**TASK INPUT:**
*** Begin section ***
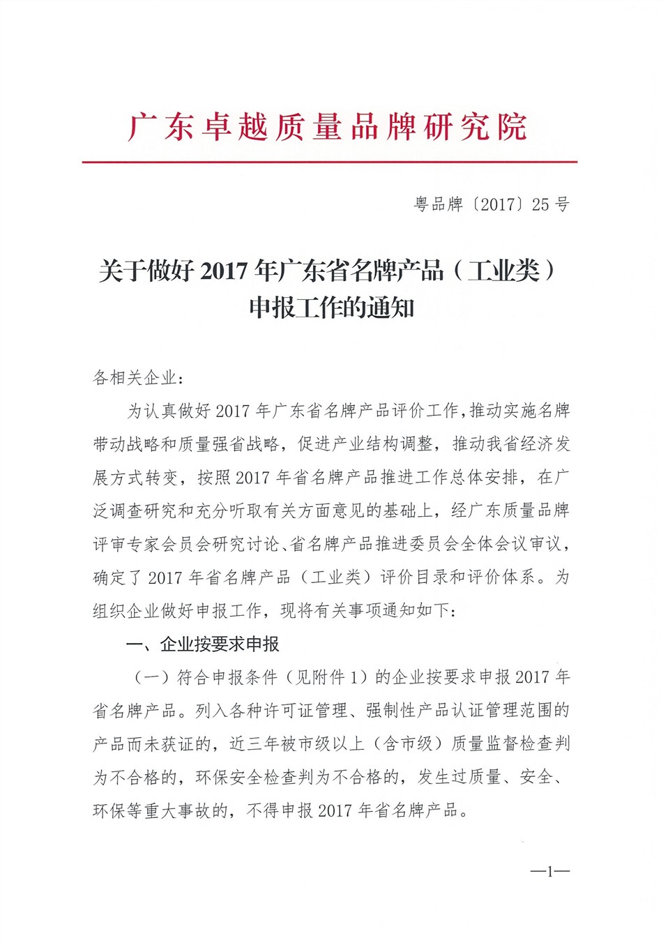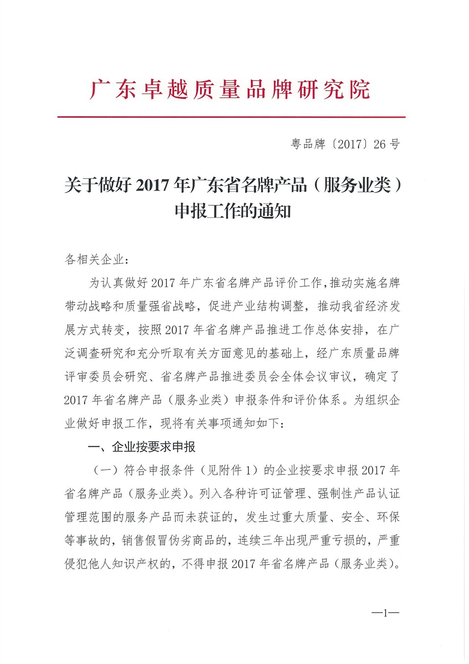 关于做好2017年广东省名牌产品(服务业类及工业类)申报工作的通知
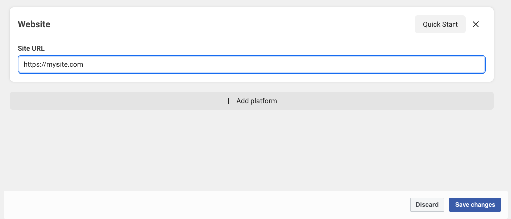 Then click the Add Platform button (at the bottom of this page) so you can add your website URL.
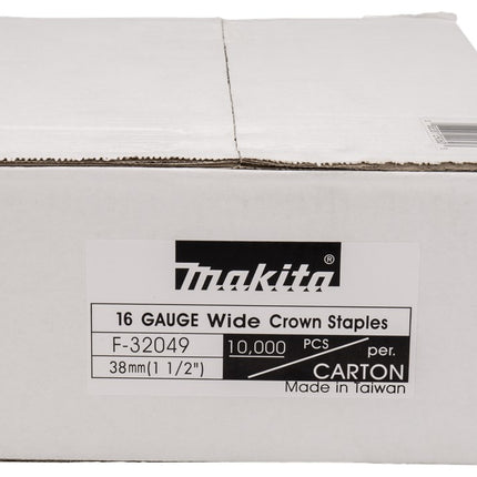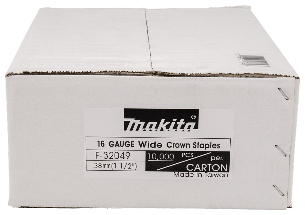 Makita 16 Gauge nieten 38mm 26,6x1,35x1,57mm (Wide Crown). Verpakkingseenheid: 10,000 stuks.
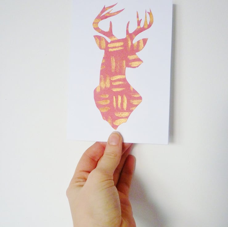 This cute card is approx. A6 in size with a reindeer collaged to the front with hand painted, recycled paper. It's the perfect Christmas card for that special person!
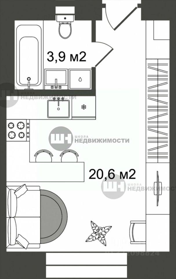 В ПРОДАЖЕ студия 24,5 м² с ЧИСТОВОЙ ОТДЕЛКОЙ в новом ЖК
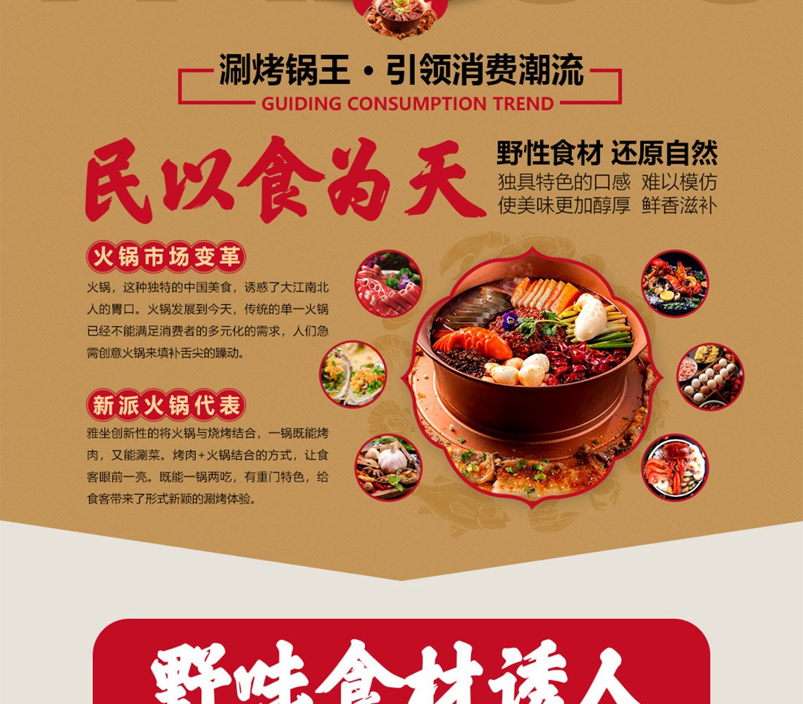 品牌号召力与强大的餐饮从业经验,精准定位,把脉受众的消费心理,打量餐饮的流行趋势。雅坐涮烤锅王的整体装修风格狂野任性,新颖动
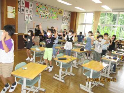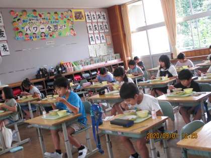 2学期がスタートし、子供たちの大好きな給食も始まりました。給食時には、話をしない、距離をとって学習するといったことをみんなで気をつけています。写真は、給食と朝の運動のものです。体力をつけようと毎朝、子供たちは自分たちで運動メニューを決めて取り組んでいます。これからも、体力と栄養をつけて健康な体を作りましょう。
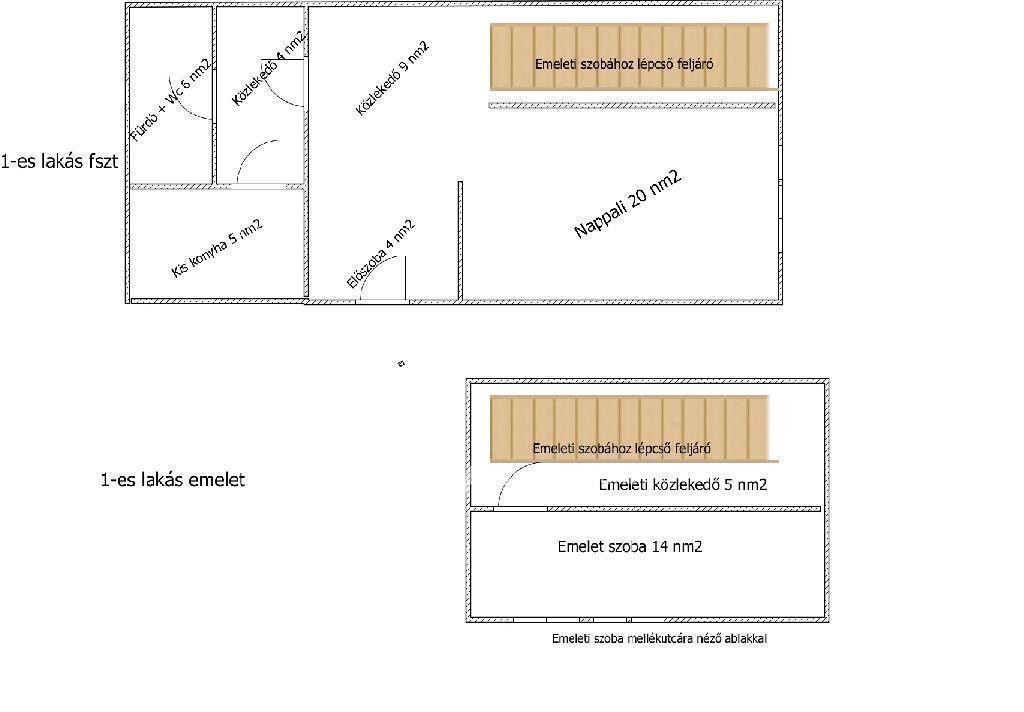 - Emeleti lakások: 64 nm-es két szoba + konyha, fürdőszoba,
*** End section ***
*** Begin section ***
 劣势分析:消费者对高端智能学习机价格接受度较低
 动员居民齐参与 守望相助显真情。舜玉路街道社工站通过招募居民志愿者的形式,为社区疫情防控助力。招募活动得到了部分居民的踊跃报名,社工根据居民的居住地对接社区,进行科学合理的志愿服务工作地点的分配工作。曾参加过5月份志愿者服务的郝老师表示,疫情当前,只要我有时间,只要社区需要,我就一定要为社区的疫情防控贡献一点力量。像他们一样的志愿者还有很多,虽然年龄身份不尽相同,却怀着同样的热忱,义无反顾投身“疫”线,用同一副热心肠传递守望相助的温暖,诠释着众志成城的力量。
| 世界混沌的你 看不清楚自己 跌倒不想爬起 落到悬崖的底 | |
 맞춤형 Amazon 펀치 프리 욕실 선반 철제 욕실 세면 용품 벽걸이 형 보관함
*** End section ***
*** Begin section ***
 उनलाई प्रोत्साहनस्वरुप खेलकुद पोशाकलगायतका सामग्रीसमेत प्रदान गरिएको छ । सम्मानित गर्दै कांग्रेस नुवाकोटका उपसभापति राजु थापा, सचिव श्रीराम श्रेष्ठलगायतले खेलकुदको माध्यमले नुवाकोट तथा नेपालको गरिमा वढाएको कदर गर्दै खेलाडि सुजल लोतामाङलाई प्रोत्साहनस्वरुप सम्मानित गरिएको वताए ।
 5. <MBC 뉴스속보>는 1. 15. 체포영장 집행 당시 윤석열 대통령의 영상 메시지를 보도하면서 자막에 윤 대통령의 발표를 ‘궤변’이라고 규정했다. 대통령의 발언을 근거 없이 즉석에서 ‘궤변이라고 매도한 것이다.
*** End section ***
**PROBLEM STATEMENT:** Copy only what runs above from the line containing "Makita 16 Gauge" through the line containing "- Emeleti lakások: 64", exactly. Leave out the pictures.

**WRITTEN ANSWER:**
 Makita 16 Gauge nieten 38mm 26,6x1,35x1,57mm (Wide Crown). Verpakkingseenheid: 10,000 stuks.
 This cute card is approx. A6 in size with a reindeer collaged to the front with hand painted, recycled paper. It's the perfect Christmas card for that special person!
 В ПРОДАЖЕ студия 24,5 м² с ЧИСТОВОЙ ОТДЕЛКОЙ в новом ЖК
 品牌号召力与强大的餐饮从业经验,精准定位,把脉受众的消费心理,打量餐饮的流行趋势。雅坐涮烤锅王的整体装修风格狂野任性,新颖动
 2学期がスタートし、子供たちの大好きな給食も始まりました。給食時には、話をしない、距離をとって学習するといったことをみんなで気をつけています。写真は、給食と朝の運動のものです。体力をつけようと毎朝、子供たちは自分たちで運動メニューを決めて取り組んでいます。これからも、体力と栄養をつけて健康な体を作りましょう。
 - Emeleti lakások: 64 nm-es két szoba + konyha, fürdőszoba,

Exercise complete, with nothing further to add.